I nodded. It made sense. In a way, my mom had reached the same suspicion that I had. But what were the odds that she’d reach out to the one person who was a part of it?
Tega interrupted. “So you figured it all out. You know why I’m here?”
I said, “You’re here to pick up your human stock. You aren’t into drugs. That’s all smoke and mirrors to keep the cops guessing. You deal in sex slaves. You’re scum. The lowest of the low. I’ll admit that at first, I thought that the rednecks were keeping the girls, but you’re too smart to trust a bunch of rednecks. They aren’t the best at keeping secrets. If one of them got caught, they’d roll on you the first chance they got. But you did buy drugs from them. They cooked your meth—meth that Sheldon used to keep the girls tweaking.
“I’m guessing they’re already loaded on your seaplane. And they’re tweaked out of their minds. Probably have no idea what day it is, let alone where they are or what’s happening to them. “You used Sheldon to take care of the girls for you. You trusted her. And who can you trust more than a doctor?”
Silence fell across us. No one spoke for a long moment, and then Tega said, “Good for you. You got it. For a gringo, you’re quite smart.”
Sheldon looked away for a moment, and then she looked back at me. It was a cold, uncaring stare.
Tega moved his finger into the Five-Seven’s trigger housing.
I said, “Before you kill me, tell me, how did you recruit her? Was it money?”
Sheldon said, “How do you think a small-town girl gets through medical school? Especially in this backwoods state? He paid for my education. He paid for the Medical Center.” She paused. “I belong to him.”
I nodded and said, “He paid for your schooling, and in return, you had to host his criminal enterprise here in a small town.”
She nodded. It was as simple as that. I didn’t condone it, not by a long shot, but I understood it. I had grown up in Mississippi. Parts of it were still bordering on the third world. I understood wanting to escape, but not like this. Then I said, “All of those lives—Matlind, Grady. And none of those women will ever make it out alive. You know that. I hope it was worth it.”

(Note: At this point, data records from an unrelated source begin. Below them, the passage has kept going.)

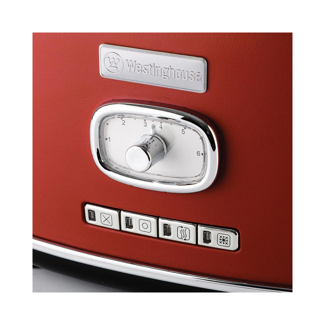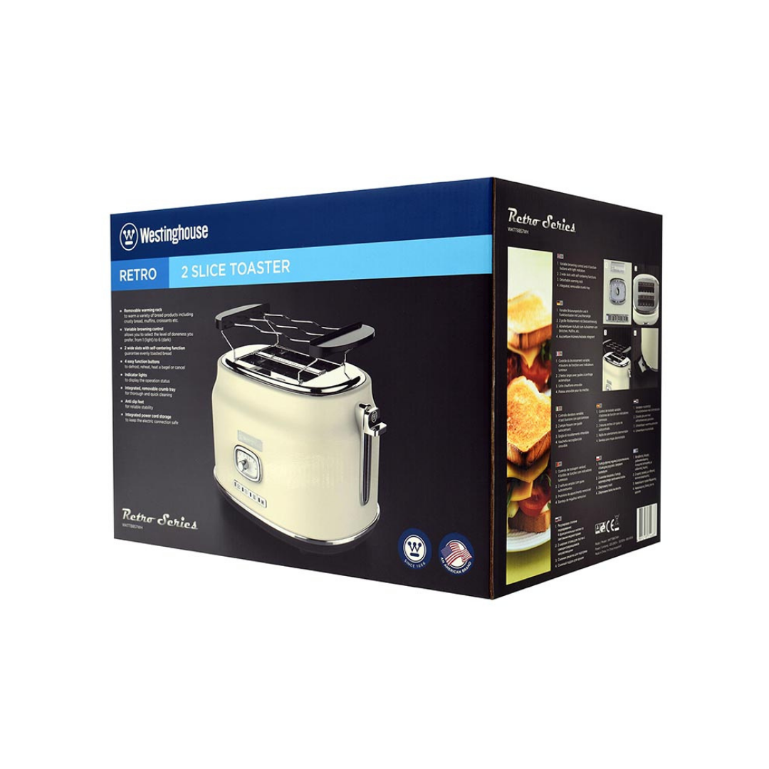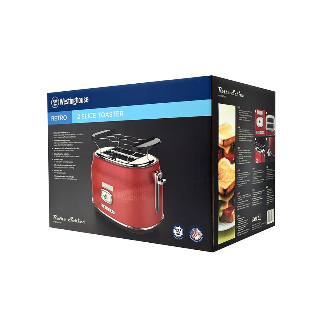 Φρυγανιέρα 2 θέσεων Retro Series από την Westinghouse! Η καταλληλότερη συσκευή για το φρυγάνισμα ψωμιού, είναι ενισχυμένη με 6 επίπεδα θερμοκρασίας και ειδική θέση για ζέσταμα κρουασάν και τσουρεκιού. Η high-end συσκευασία, συμπληρώνει το κομψό, retro design, καθιστώντας την φρυγανιέρα αυτή την ιδανική συσκευή για την διακόσμηση κάθε κουζίνας!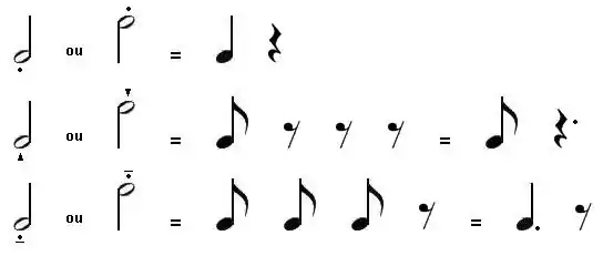 - Triplo, quando há três pontos consecutivos, o que soma ao valor original a metade, um quarto e um oitavo de sua duração.[1]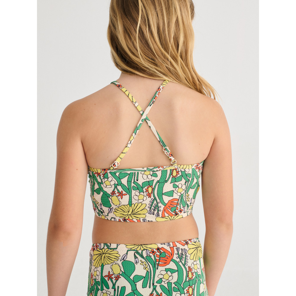 Чудове бікіні Bobo Choses з квітковим принтом Colour Herbalist. Воно має гарні перехресні бретельки на спині та захист від ультрафіолету.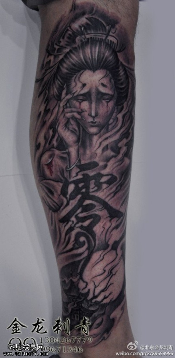 小腿艺妓纹身图案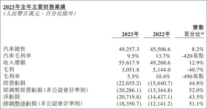 蔚来去年共交付新车160038辆,同比增长30.7%,但这一数据的增速已经是连续3年放缓了。结合同年183.507亿元的经调整净亏损,蔚来平均每卖出一辆车就要亏11.47万元。与此同时,蔚来新车的销售成本也水涨船高,达到525.661亿元,同比增长19.1%;汽车毛利率9.5%,连续第二年下滑,还不到2021年的一半(20.1%)。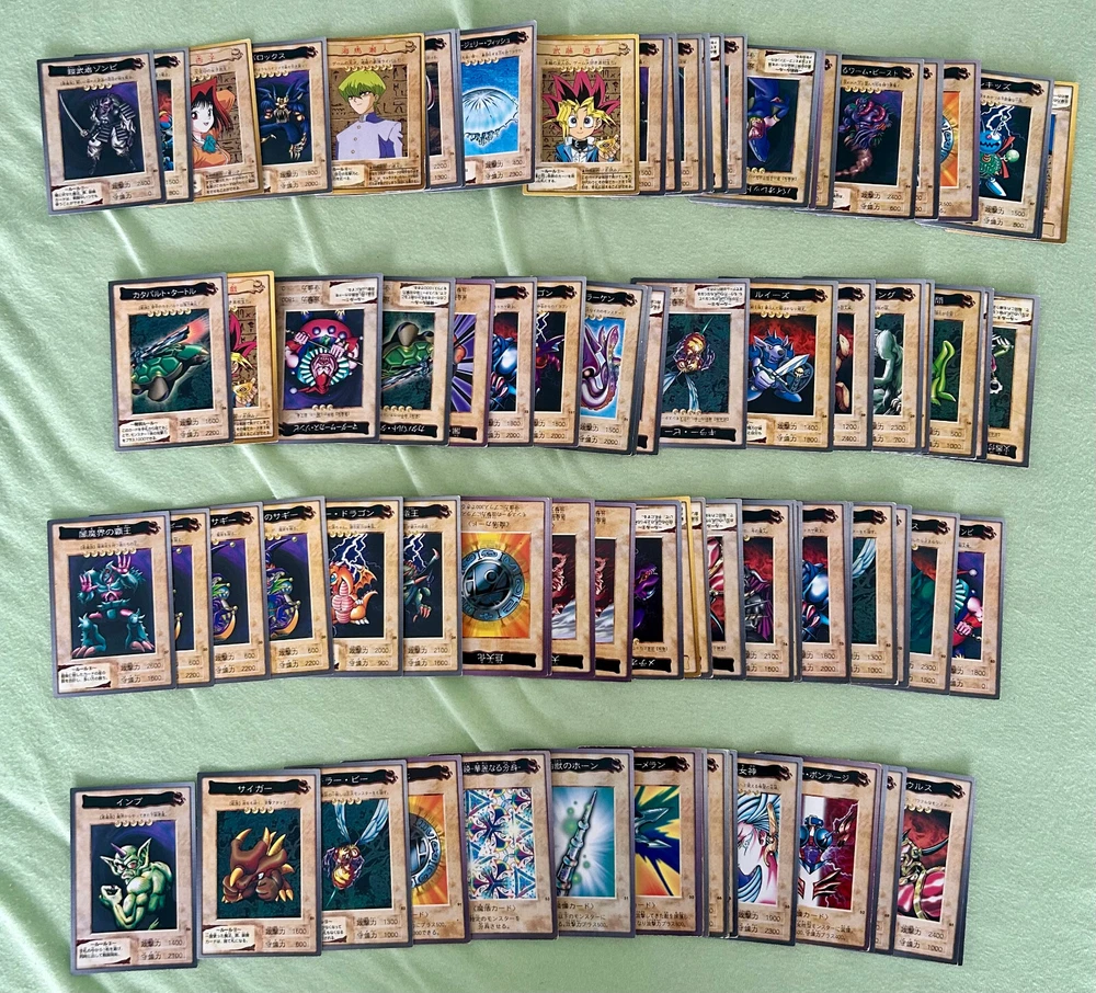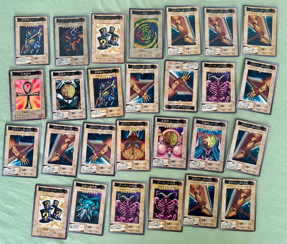 Yu-gi-oh! Bandai 1998-1999 lot more than 1000 cards japanese. (white dragon blue eyes, dark magician, black dragon red eyes, etc..) Card conditions range from played to near mint, but more generally from light play to good. The cards you see in the photos are all the cards you will receive.

Tega said, “Sheldon was my first girl.” He reached out his right hand, lowered the Five-Seven with his left, and caressed her face. There was some obvious sentimentality there.

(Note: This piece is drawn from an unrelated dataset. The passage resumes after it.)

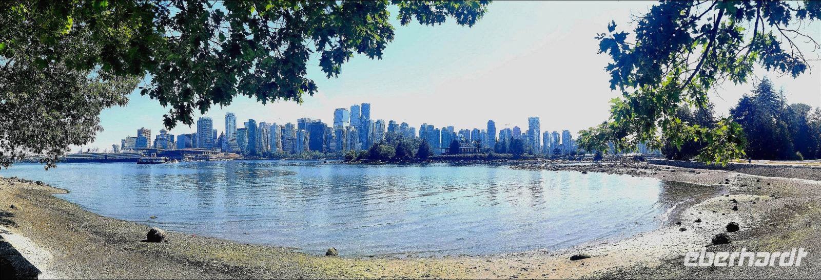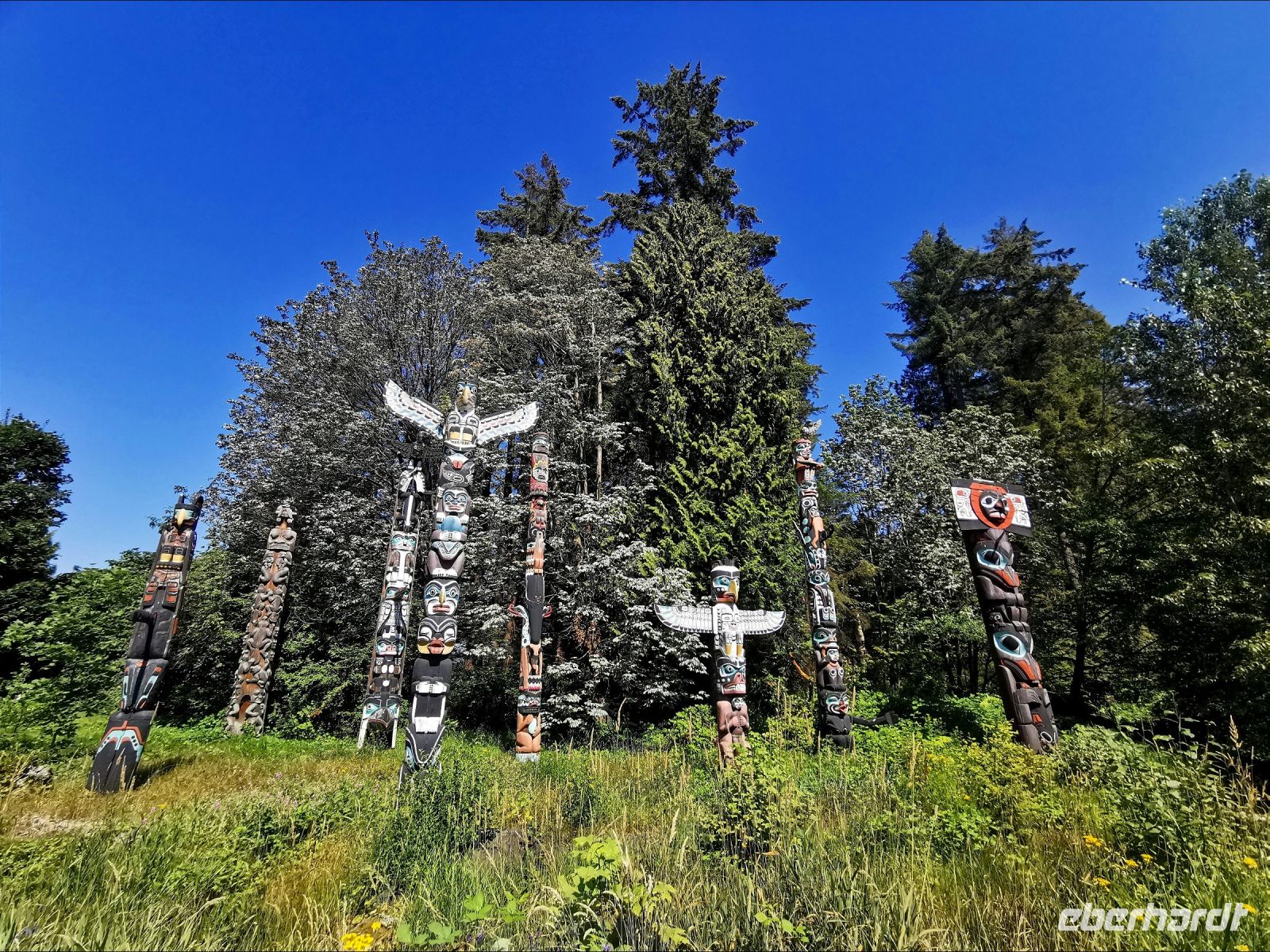 Danach laufen wir durch das Viertel am Hafen, schauen uns den ehemaligen Bahnhof an, der heute eine Metrostation beherbergt. Danach fahren wir in den riesigen Stanley Park, der eine Ausdehnung von über 400 Hektar hat. In diesem Park mit seinem beeindruckenden Wald ziehen sich 200 km lange Spazier- und Wanderwege und er hat einen unglaublichen Baumbestand von einer halben Million unterschiedlicher Bäume. Vom Park aus kann man wunderschöne Ausblicke auf die Skyline von Vancouver genießen.

I nodded again. I got it. They had met when she went out of the country. Became lovers. She probably had dreams of being by his side in Mexico, living out their days on a Mexican beach. She’d work some kind of local clinic, and he’d run his operations from Mexico. They would travel together under the guise of her Medical Center’s name, doing medical charity work. But the reality was far darker than she had predicted. And now, she was just as guilty as he was.
Tega said, “I’m afraid it’s time for us to go. But I’m so impressed with you that I will give you the gift of a painless death—a quick bullet to the head.”
Tega raised his gun again, aimed at my head, and prepared to fire.